On the other hand, if they do nothing but observe and analyze the output of freely available latent spaces, such as Stable Diffusion, the resulting controversies seem likely only to proliferate. This characterizes the challenge as a cultural and ethical one, far beyond the purview of the ‘enabling’ technologies, which would seem to be a barometer of culture rather than a ‘villainous’ transformative technological phenomenon.
Conclusion: The Price of Automation
If you ask Mary Poppins to go in and magically clean up your messy bedroom, you’re saving a lot of personal labor; but you’re not going to know where anything is later, because she follows her own system. It’s probably a better system than yours, but that doesn’t help you find your clean socks.

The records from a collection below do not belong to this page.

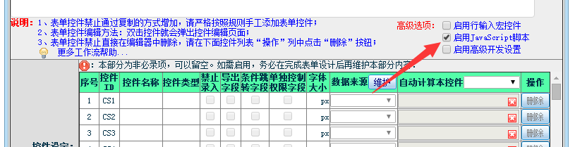在提交前JS脚本或表体JS脚本中输入合适的判断JS脚本即可。
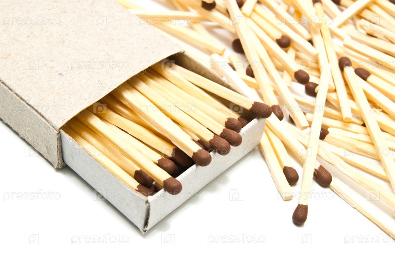 Спички и коробок на белом фоне
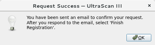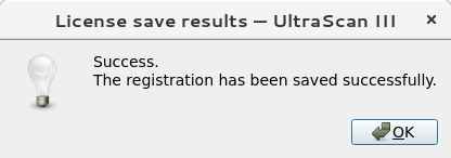 A 1 year license for the free use of UltraScan is now associated with the user's e-mail address, and a dialog should indicate the success of this step:
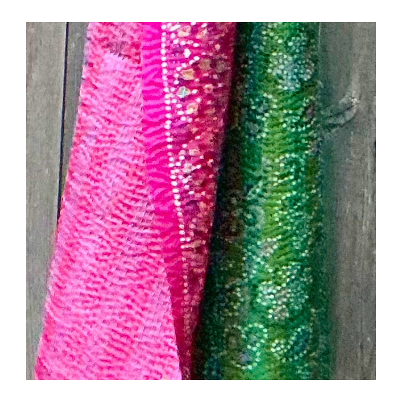 - One-of-a-Kind Fabric: Made from two layers of vintage silk sari fabric, carefully chosen for their unique colors and patterns—no two scarves are the same!
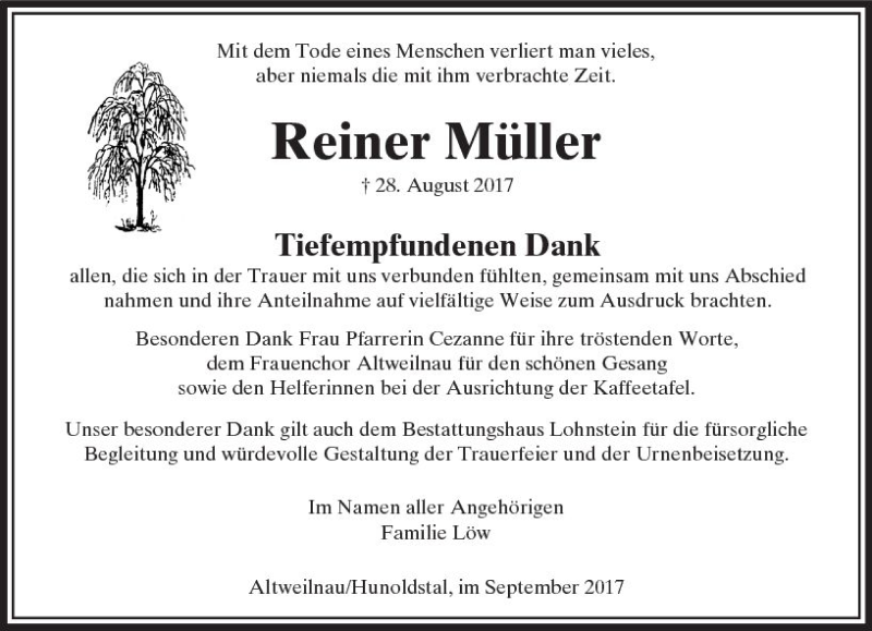 Hier finden Sie alle Traueranzeigen aus der Zeitung, die bisher für Reiner Müller erschienen sind. Weitere Traueranzeigen, die in der Zeitung erscheinen, werden hier ebenfalls aufgelistet
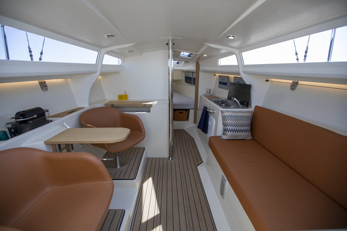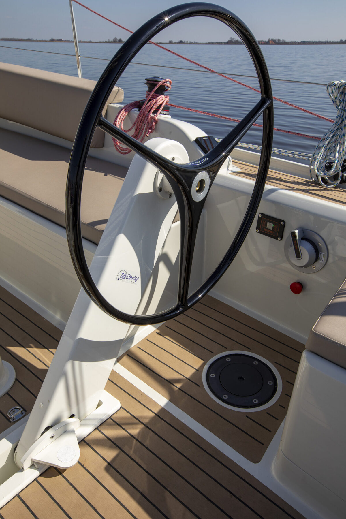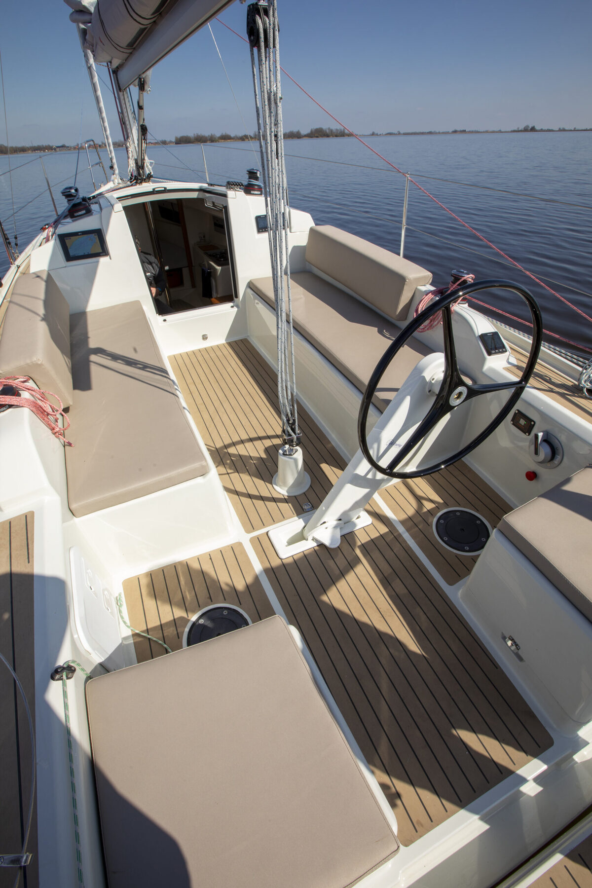 Wunderschöne, komplett ausgestattete Pointer 30. Dieses sehr gut ausgestattete Boot wurde in den letzten beiden Saisons als Vorführboot auf der Jachtwerf Heeg eingesetzt. Es verfügt über einen Torqeedo-Elektromotor (POD 6,0 kW) mit zwei Lithium-Batterien (48 V, 5000 Wh), die eine Reichweite von 5 Stunden ermöglichen. Die Segel sind aus hellgrauem CDX-Laminat gefertigt und bestehen aus einem Großsegel mit zwei Reffreihen sowie einer Rollgenua inklusive Großsegelbergung und Rollreffpersenning. Außerdem ist ein Code-0 mit Selden-Rollreffanlage vorhanden. Zur Ausstattung gehören ein drehbares Steuerrad, eine Badeplattform, eine faltbare Sprayhood und Cockpitpolster. Das Boot ist außerdem ausgestattet mit einer Reling, einer Badeleiter, einem Ultra-Anker, einem Flaggenmast, Landstromanschluss, Magnetkompass, Raymarine-Geschwindigkeits-, Tiefen- und Windmessern, Raymarine-Autopilot, Raymarine-Kartenplotter, Spüle, Zweiflammenkocher, 70-Liter-Frisch- und Abwassertanks, einem 50-Liter-Kühlschubfach, einer Toilette mit Handpumpe und einem Tisch (innen und außen). Das Deck ist vollständig mit Esthec (Kunstteak) belegt.
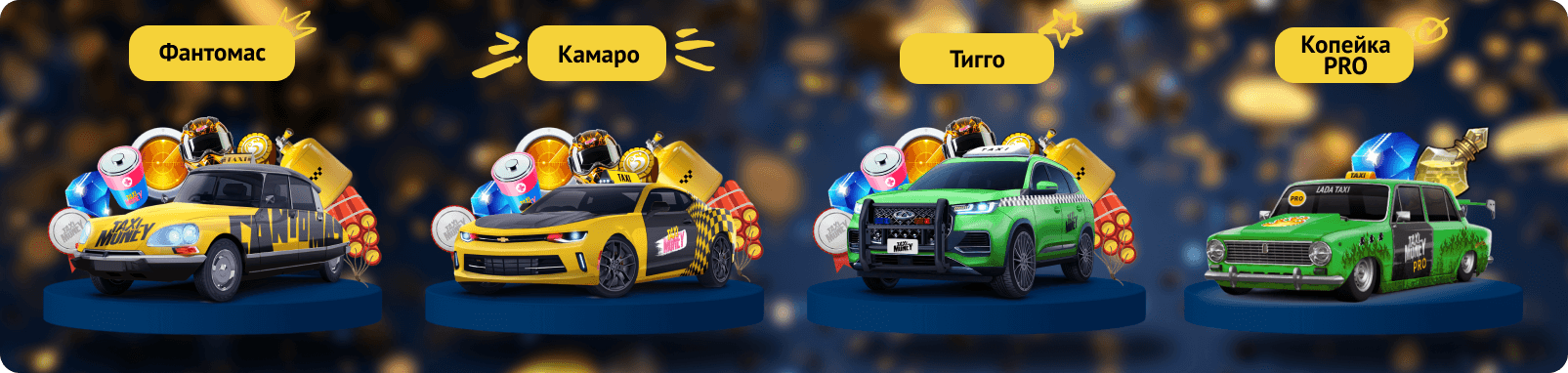 - Первое такси 1-го ранга с возможностью модификации любых бонусов под твою стратегию — настрой машину для заработка так, как тебе хочется!
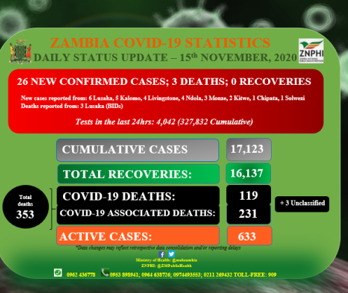 • Coronavirus - Zambia: Daily status update (15th November 2020)
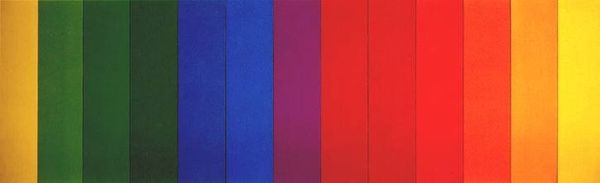 Curator: This is an untitled painting by Michel Carrade, using acrylic paint in what could be classified as geometric abstraction. Editor: The composition is quite striking! It's hard to look away from these bold, vertical stripes of vibrant color. There's an optical illusion feel too. Is it moving or static? Curator: Exactly, that is what Carrade’s works sought to accomplish; pushing the boundaries of visual perception with pieces that border on Op Art, reflecting wider trends in abstraction. Carrade's work actively engaged with contemporaneous discourses around hard-edge painting and colour-field theories, so his art needs to be assessed in this historical context. Editor: The linear simplicity emphasizes pure color and the interactions between these planes of color; those shifts between red, blue, orange – how do you read them? The eye bounces, doesn’t it? Curator: This abstraction developed parallel to the social context of urban modernization after the Second World War. The embrace of non-representational forms symbolized a progressive departure from traditional, perhaps conservative, modes of seeing and thinking. Art as an expression of modernity. Editor: Agreed! Modernity in color! This reminds me how crucial color is to formal impact, that you can derive almost tactile impressions through hues. A radical distillation of form. Curator: But look beyond the individual visual impression and reflect also on how institutions like galleries legitimized this abstract language during the Cold War period to position Western art and thought. Editor: Yes, true enough... Thank you for opening this larger horizon, bringing this historical framework to what on the surface appears like simply color and structure. Curator: The relationship between artistic vision, societal progress, and institutional endorsement always needs exploring.
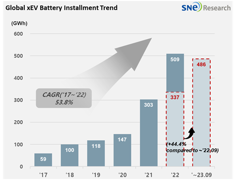 SNE리서치에 따르면 지난 1~9월 세계 각국에 등록된 전기차(EV, PHEV, HEV)에 탑재된 총 배터리 사용량은 약 485.9GWh로 전년동기대비 44.4% 성장했다. 지난 5년간 기록한 53.8%에 달하는 연평균성장률과 비교하면 둔화됐다.
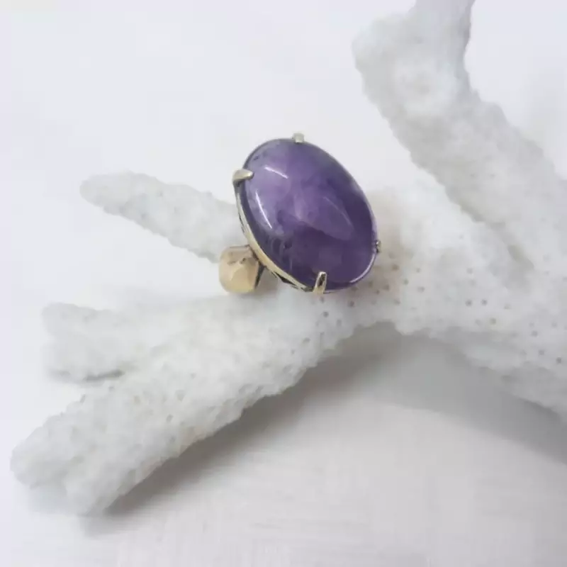 انگشتر طلا روسی زنانه با نگین آماتیست اصل
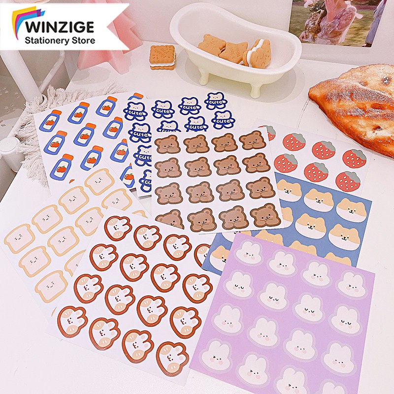 Bear Strawberry Rabbit Stickers Cute Cartoon Girls Sticker Set DIY Journal
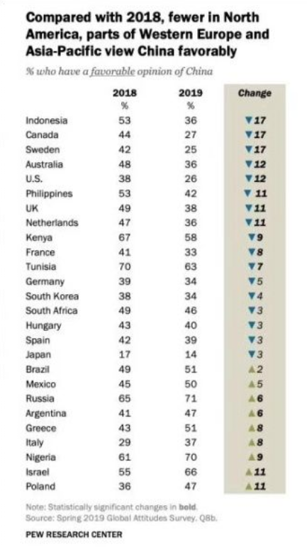 上图是美国PEW研究中心的一个调查报告,研究其他国家的人对中国持有好感的比例。2018年日本喜欢中国的只有17%,而2019年甚至下降到了14%。其中的原因很复杂,大家可以自行分析。
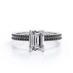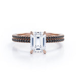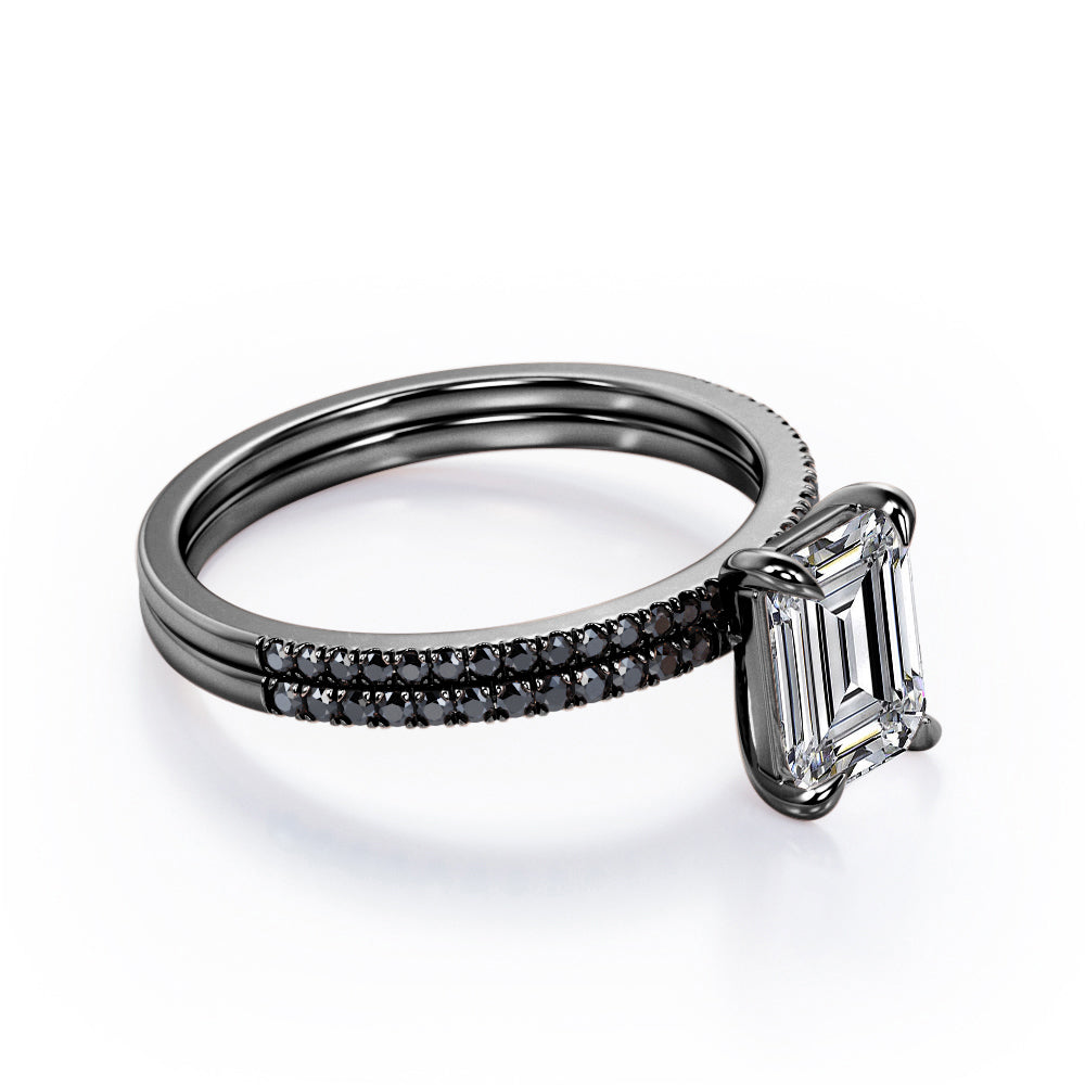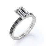 Start the greatest love story of your life with this 4-Prong Setting 1.65 TCW Emerald Cut Moissanite with Lab Created Black Diamond Wedding Set with Pave Accents in White gold. Skillfully hand-cut into a nice emerald cut by our experts in lapidary, this gorgeous moissanite anniversary band set consists of total 1.65 carat moissanite and lab-created black diamonds. Distinctive and extraordinary, this moissanite stone ring set is well-suited for those who are not quite into normal lifestyle. With naked eyes moissanites look, shine and feel exactly like diamonds. Reflective properties of this moissanite engagement rings set will enhance happiness and attract positive vibes. This moissanite engagement rings set is beautiful and accessible since it is available at an affordable price. Moissanites are the most popular alternative gemstone for diamonds while being at lower and more affordable price. If you are looking for a special gift for your friends or your better half, this moissanite promise ring set, the birthstone ring for April, symbolically representing strength and an unbreakable love, will be the greatest choice you will ever make. Additionally, this moissanite engagement ring set can be customized, either in White gold, rose gold, yellow gold or black gold in 18k Gold over Silver, 10k and 14k gold metal options upon customer request. In regards to its hardness, moissanite is almost as hard as diamond which means that it is notably durable. Let’s impress her with this silver moissanite ring set and, surely, she will not regret it.

So it is with the latent space, which, in formation, has traversed and categorized millions, or even billions of data points at a post-human scale and speed, deriving the requisite compositional logic and relationships from cheaply, often badly-labeled data which would by unconscionably expensive to curate manually (if far more accurately and fairly).
Whether for addressing bias or gaining greater control over image synthesis, new methodologies and more transparent tools than Grad-CAM will be needed to gain a deeper understanding of the way that the latent space functions. The challenge is compounded by the fact that the architecture of a latent space emerges directly from the data, instead of according to some predefined and universal logic, the imposition of which could hinder a machine learning system’s most fruitful and inspired insights – as well as some of its most objectionable standpoints.